Nos testes com camundongos, mais de 90% dos animais que receberam o protótipo da vacina revelaram anticorpos capazes de neutralizar a IL-4 e IL-13 em seis semanas após a injeção. Também foi observado que a proteção pode durar até um ano, já que mais de 60% dos ratos, após o período, ainda apresentavam altos níveis de anticorpos.

Ainda de acordo com os resultados em ratos com asma que receberam doses intranasais de extrato de ácaro da poeira, um dos alérgenos humanos mais comuns, a vacinação dupla contra IL-4 e IL-13 forneceu proteção significativa contra os alérgenos em termos de saúde do funcionamento pulmonar, em comparação com animais que não receberam a vacina.

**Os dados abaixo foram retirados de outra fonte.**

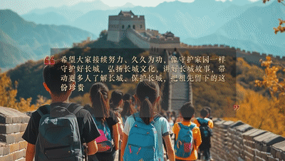 希望大家接續努力、久久為功,像守護家園一樣守護好長城,弘揚長城文化,講好長城故事,帶動更多人了解長城、保護長城,把祖先留下的這份珍貴財富世世代代傳下去,為建設社會主義文化強國、推進中國式現代化貢獻力量。
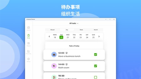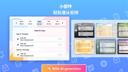 - 时间表:按小时计划你的一天; - 待办事项:列出清单,实现大目标,解决小任务; - 日历:使用日历提前计划; - 小部件:使用 AI 功能创建一个独特的小部件,并将其添加到桌面上。
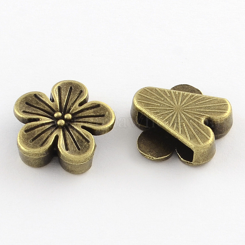 Тибетский стиль цветок сплава слайд прелести, без кадмия и без свинца, 16x16.5x5 мм, Отверстие : 12x3 мм , около 444 шт / 1000 г

Em camundongos geneticamente modificados criados para gerar a versão humana das citocinas IL-4 e IL-13, a vacina também apresentou resultados positivos, neutralizando as citocinas e reduzindo os níveis de IgE por pelo menos 11 semanas pós-vacinação.

Início dos testes em humanos

A vacina ainda está em fase experimental, mas segundo os pesquisadores, é um sinal promissor para testes futuros em humanos, embora não se tenha certeza que ela é segura e eficaz em pessoas até que os testes clínicos sejam realizados.

Por enquanto, os pesquisadores dizem que temos uma “prova de conceito” de que a neutralização de longo prazo de IL-4 e IL-13 funciona com a vacina protótipo e, por enquanto, o próximo passo mais urgente, além de mais investigações, é testar a injeção em humanos.

Em Toulouse e Estrasburgo, na França, já são esperados pacientes para receber as primeiras injeções da droga. O processo do ensaio clínico deve começar nos próximos dois anos.